The best resolution to this would've been to warn the reporters, inform them of the rule, and watch them closely from that point. If they are caught again, they deserve to be thrown out.
At any rate, this is bad publicity for the "hackers" - they're usually the ones whining about being treated unreasonably or not being tolerated, but now they're doing the same thing they are accusing others of. - xero69, on 08/08/2008, -2/+30These 3 can look forward to their identities being deleted or stolen thanks to making a spectacle of themselves.
- captmorgan555, on 08/08/2008, -1/+26Everyone knows the rules.

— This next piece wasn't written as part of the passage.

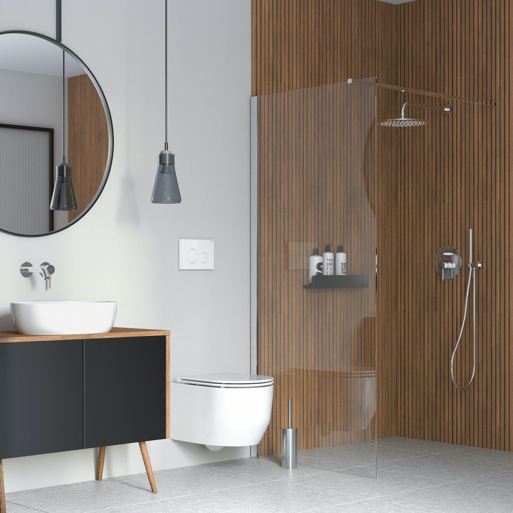 Łazienki Oltens inspirowane są skandynawską harmonią, spokojem oraz miłością do natury. Na zdjęciu: Ścianka prysznicowa Oltens Vida, wisząca miska WC Oltens Holsted z powłoką SmartClean, oltens.com

Sounds like these guys were looking for easy targets.
- inactive, on 08/09/2008, -2/+27Just because you can doesn't mean you should.
- PeterNorton, on 08/08/2008, -0/+16There is a Kindergarden everywhere.
- rakous, on 08/09/2008, -0/+15With Great Power Comes Great Responsibility
- Skooma714, on 08/09/2008, -1/+16Doing any kind of network intrusion around people who specialise in it is not a good idea. They are probably way better than you at it.
- drakia, on 08/09/2008, -0/+13Alright, since it seems nobody read the ***** article, the three reporters were capturing packets on a SECURE network designated for safe use by the press. Not all press members are going to be tech savvy enough to use secure tunnels and all that *****, which is why they have their own network. The three reporters were being asshats, going against the rules they very well knew existed, since they had attended the conference previously to report on it.
- Taedirk, on 08/09/2008, -1/+12Did they /surrender/ to authorities?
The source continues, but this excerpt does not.